Thanks for the quick response.

We are using FsStateBackend, and I did see checkpoint files and directories in the EFS mounted directory.
We do monitor backpressure through rest api periodically and we do not see any.


From: Yun Gao <yu...@aliyun.com>>
Sent: Monday, December 21, 2020 10:40 AM
To: Colletta, Edward <Ed...@FMR.COM>>; user@flink.apache.org<ma...@flink.apache.org>
Subject: Re: checkpointing seems to be throttled.

This email is from an external source -exercise caution regarding links and attachments.

Hi Edward,

    For the second issue, have you also set the statebackend type? I'm asking so because except for the default heap statebackend, other statebackends should throws exception if the state.checkpoint.dir is not set. Since heap statebackend stores all the snapshots in the JM's memory, it could not be recovered after JM failover, which makes it not suitable for production usage. Therefore, if used in production env then it might better to switch to statebackend like rocksdb.

   For the checkpoint timeout, AFAIK there should be no large changes after 1.9.2. There may be different issues for checkpoint timeout, and one possible one might be there are back-pressure due to some operator could not process its records  in time, which would block the checkpoints. I think you might check the back-pressure [1] first, and if there is indeed back pressure, then you might try unaligned checkpoints or solve the back pressure by increasing the parallelism of slow operators.

Best,
 Yun



[1]https://ci.apache.org/projects/flink/flink-docs-master/ops/monitoring/back_pressure.html



------------------Original Mail ------------------
Sender:Colletta, Edward <Ed...@FMR.COM>>
Send Date:Mon Dec 21 17:50:15 2020
Recipients:user@flink.apache.org <us...@flink.apache.org>>
Subject:checkpointing seems to be throttled.
Using session cluster with three taskmanagers, cluster.evenly-spread-out-slots is set to true.  13 jobs running.  Average parallelism of each job is 4.
Flink version 1.11.2, Java 11.
Running on AWS EC2 instances with EFS for high-availability.storageDir.


We are seeing very high checkpoint times and experiencing timeouts.  The checkpoint timeout is the default 10 minutes.   This does not seem to be related to EFS limits/throttling .  We started experiencing these timeouts after upgrading from Flink 1.9.2/Java 8.  Are there any known issues which cause very high checkpoint times?

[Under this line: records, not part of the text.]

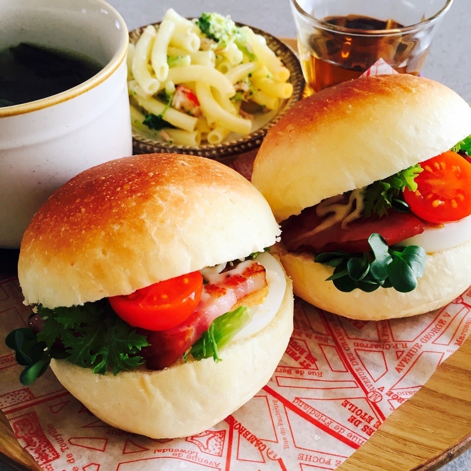 シンプルな丸パンを焼きました♪ 先週 長女がインフルBになったときにお昼ご飯ように作った丸パン♡全く食欲がなかった長女…この丸パンサンドイッチは食べてくれました♡ 詳しい作り方 01 厚切りベーコンとゆで卵とわさび菜とかいわれとプチトマトをサンド〜♡まん丸でかわいいやろ??♡ marksweetsさんのお料理をもっと見る
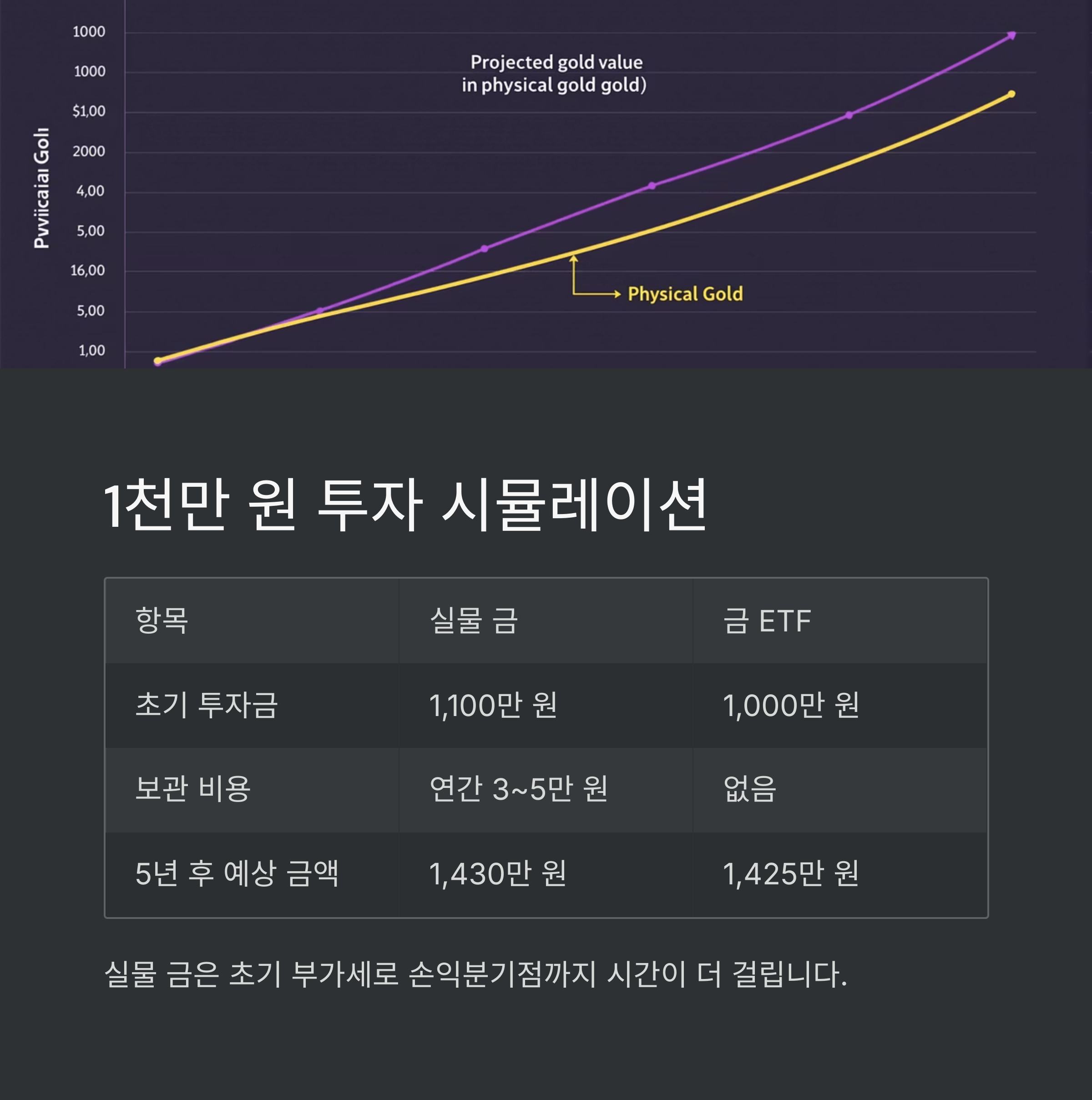 아래는 실물 금과 ETF에 1천만 원을 투자했을 때 예상되는 차이를 시뮬레이션한 표입니다.
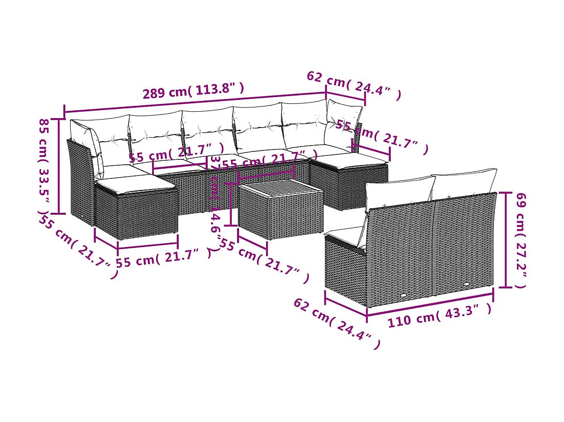 10-delige Loungeset met kussens poly rattan grijs
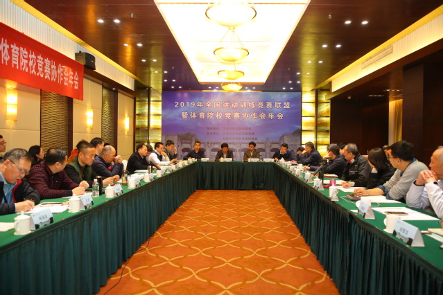 本网讯 12月13日至15日,由国家体育总局科教司指导,全国运动训练竞赛联盟和全国体育院校竞赛协作会主办的2019年全国运动训练竞赛联盟暨体育院校竞赛协作年会在南京体育学院召开。来自全国体育院校和相关体育赛事公司共24家单位代表参加了会议。会议由全国运动训练竞赛联盟执行主席张飙主持,国家体育总局科教司司长李业武,二级调研员罗建彬等相关领导出席。我校训练竞赛处处长邵斌、训练竞赛处竞赛主管邵寅强参加本次会议。
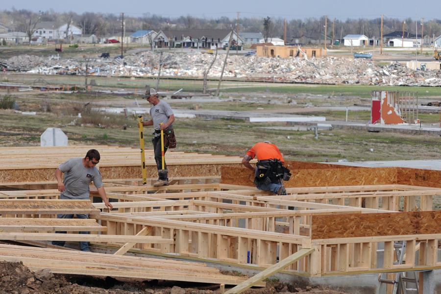 Mark Rohr, Joplin’s city manager, says that Joplin is on track. Taking care of all of the debris in Joplin had put building efforts on hold, but the massive cleanup of over 3 million cubic yards of residential matter was completed in 68 days in order to meet funding deadlines. The next priority was to open the schools on time on Aug. 17. Only after those tasks were completed could residential rebuilding begin, Rohr says. By February, nine months after the tornado, 55 percent of the homes damaged were under permit for repair or rebuilding.
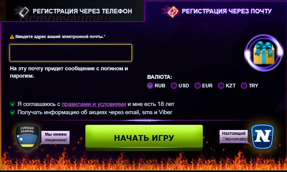 Помимо номера телефона или адреса электронной почты вам будут предложено выбрать валюту аккаунта, ознакомиться с правилами и дать согласие на получение информации от казино.

Also I noticed we did not set state.checkpoints.dir, I assume it is usinghigh-availability.storageDir.  Is that correct?

For now we plan on setting

execution.checkpointing.timeout<https://ci.apache.org/projects/flink/flink-docs-release-1.11/ops/config.html#execution-checkpointing-timeout>: 60 min

execution.checkpointing.tolerable-failed-checkpoints<https://ci.apache.org/projects/flink/flink-docs-release-1.11/ops/config.html#execution-checkpointing-tolerable-failed-checkpoints>:12

execution.checkpointing.unaligned<https://ci.apache.org/projects/flink/flink-docs-release-1.11/ops/config.html#execution-checkpointing-unaligned>  true
and also explicitly set
state.checkpoints.dir


RE: RE: checkpointing seems to be throttled.

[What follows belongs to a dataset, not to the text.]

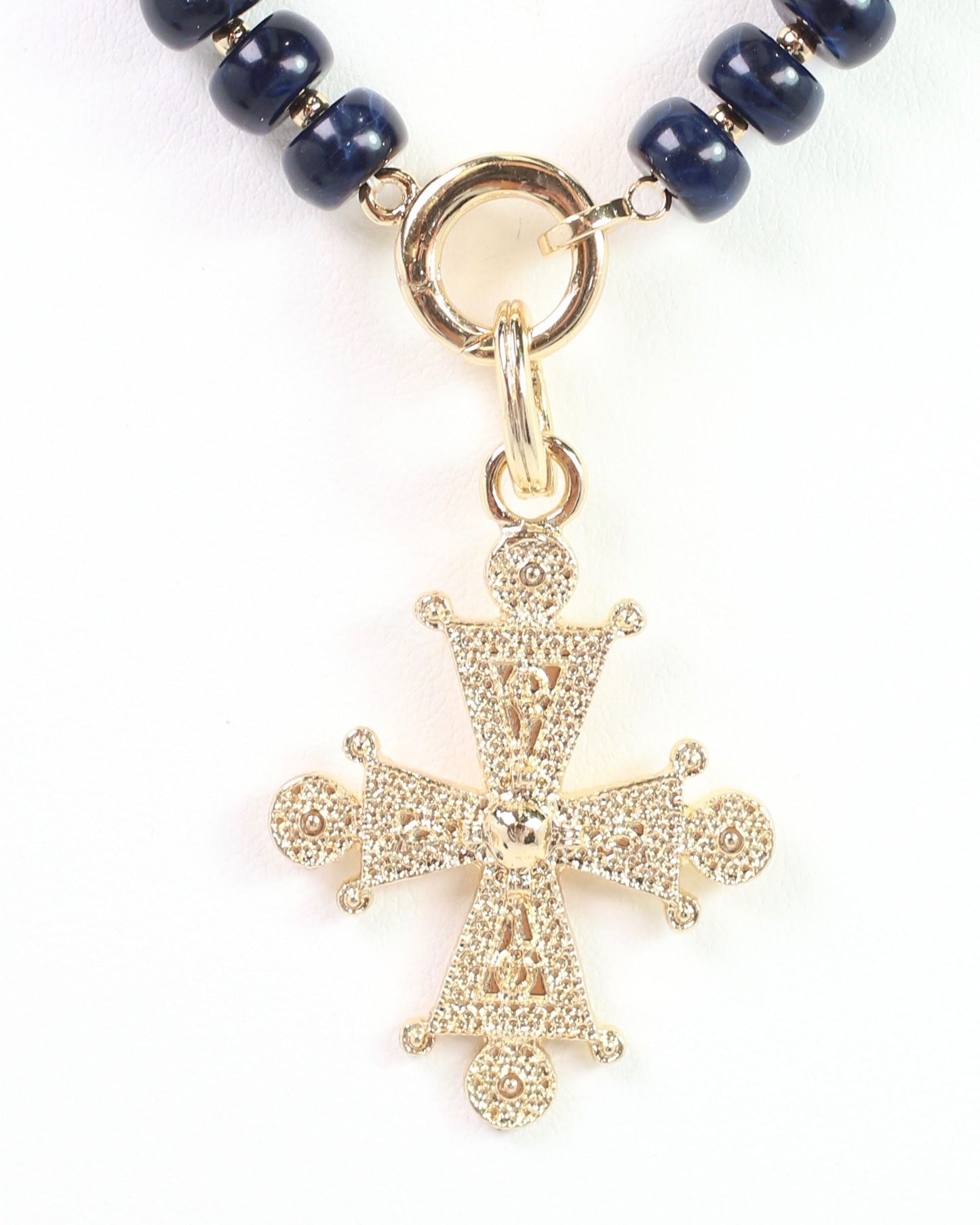 Add a touch of old-world magic to your look with the Wagner Cross Charm in Gold. This playful Celtic-inspired design features charming circular details that bring a unique twist to a classic symbol. Perfect for layering or wearing solo, it’s a delightful way to sparkle with timeless style.

Posted by "Colletta, Edward" <Ed...@FMR.COM>.
Doh!   Yeah, we set the state backend in code and I read the flink-conf.yaml file and use the high-availability storage dir.


From: Yun Gao <yu...@aliyun.com>
Sent: Monday, December 21, 2020 11:28 AM
To: Colletta, Edward <Ed...@FMR.COM>; user@flink.apache.org
Subject: Re: RE: checkpointing seems to be throttled.

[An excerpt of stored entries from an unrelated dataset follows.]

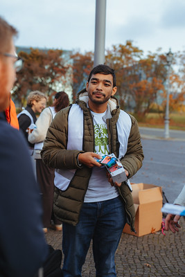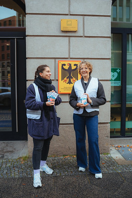 In rund 520.000 Tafeln der Guten Schokolade haben wir unsere Nachricht mit Bundeskanzler Friedrich Merz geteilt: Bitte investieren Sie in die TFFF und schützen Sie die Regenwälder. Darauf zu hoffen, dass Friedrich Merz in den Supermarkt geht und sich die Gute Schokolade mit dem Brief kauft, wollten wir nicht. Daher haben wir unsere Sachen gepackt und sind einfach selbst nach Berlin gefahren, um die Schokolade mit der Botschaft vor Regierungsgebäuden zu verteilen.
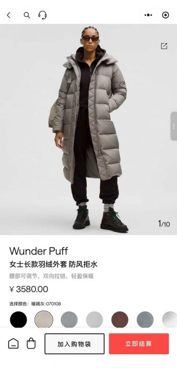 高版本露露家九格羽绒码数46810
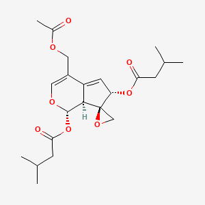 This compound possesses a complex chemical architecture characterized by a spiro[cyclopenta[c]pyran-7,2'-oxirane] core structure. Its systematic IUPAC name is [(1S,6S,7R,7aS)-4-(acetyloxymethyl)-1-(3-methylbutanoyloxy)spiro[6,7a-dihydro-1H-cyclopenta[c]pyran-7,2'-oxirane]-6-yl] 3-methylbutanoate.[2]
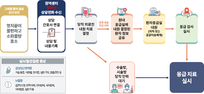 권역 및 지역 심뇌혈관질환센터를 통해 고위험군 환자 대상 핫라인을 운영, 신속한 내원 결정과 병원 방문 때 공공 이송 지원 등 골든타임 내 최적의 의료 이용 경로를 안내할 계획이다.

This email is from an external source - exercise caution regarding links and attachments.

Hi Edward,

   Are you setting the FSStateBackend via code or flink-conf.yaml ? If via code it requires a path parameter and the path would be the state.checkpoint.dir. If via flink-conf.yaml, I tried on 1.12 by setting   state.backend: filesystem in config file and enable checkpoint, it indeed threw an exception said

  org.apache.flink.client.program.ProgramInvocationException: The main method caused an error: Cannot create the file system state backend: The configuration does not specify the checkpoint directory 'state.checkpoints.dir'
    ​ at org.apache.flink.client.program.PackagedProgram.callMainMethod(PackagedProgram.java:330)
    ​ at org.apache.flink.client.program.PackagedProgram.invokeInteractiveModeForExecution(PackagedProgram.java:198)
    ​ at org.apache.flink.client.ClientUtils.executeProgram(ClientUtils.java:114)
    ​ at org.apache.flink.client.cli.CliFrontend.executeProgram(CliFrontend.java:743)
    ​ at org.apache.flink.client.cli.CliFrontend.run(CliFrontend.java:242)
    ​ at org.apache.flink.client.cli.CliFrontend.parseAndRun(CliFrontend.java:971)
    ​ at org.apache.flink.client.cli.CliFrontend.lambda$main$10(CliFrontend.java:1047)
    ​ at java.security.AccessController.doPrivileged(Native Method)
    ​ at javax.security.auth.Subject.doAs(Subject.java:422)
    ​ at org.apache.hadoop.security.UserGroupInformation.doAs(UserGroupInformation.java:1754)
    ​ at org.apache.flink.runtime.security.contexts.HadoopSecurityContext.runSecured(HadoopSecurityContext.java:41)
    ​ at org.apache.flink.client.cli.CliFrontend.main(CliFrontend.java:1047)
Caused by: org.apache.flink.configuration.IllegalConfigurationException: Cannot create the file system state backend: The configuration does not specify the checkpoint directory 'state.checkpoints.dir'
    ​ at org.apache.flink.runtime.state.filesystem.FsStateBackendFactory.createFromConfig(FsStateBackendFactory.java:41)
    ​ at org.apache.flink.runtime.state.StateBackendLoader.loadStateBackendFromConfig(StateBackendLoader.java:122)
    ​ at org.apache.flink.streaming.api.environment.StreamExecutionEnvironment.loadStateBackend(StreamExecutionEnvironment.java:863)
    ​ at org.apache.flink.streaming.api.environment.StreamExecutionEnvironment.configure(StreamExecutionEnvironment.java:819)
    ​ at org.apache.flink.streaming.api.environment.StreamExecutionEnvironment.<init>(StreamExecutionEnvironment.java:237)
    ​ at org.apache.flink.client.program.StreamContextEnvironment.<init>(StreamContextEnvironment.java:67)
    ​ at org.apache.flink.client.program.StreamContextEnvironment.lambda$setAsContext$4(StreamContextEnvironment.java:156)
    ​ at org.apache.flink.streaming.api.environment.StreamExecutionEnvironment.lambda$getExecutionEnvironment$12(StreamExecutionEnvironment.java:2089)
    ​ at java.util.Optional.map(Optional.java:215)
    ​ at org.apache.flink.streaming.api.environment.StreamExecutionEnvironment.getExecutionEnvironment(StreamExecutionEnvironment.java:2089)
    ​ at org.apache.flink.streaming.api.environment.StreamExecutionEnvironment.getExecutionEnvironment(StreamExecutionEnvironment.java:2070)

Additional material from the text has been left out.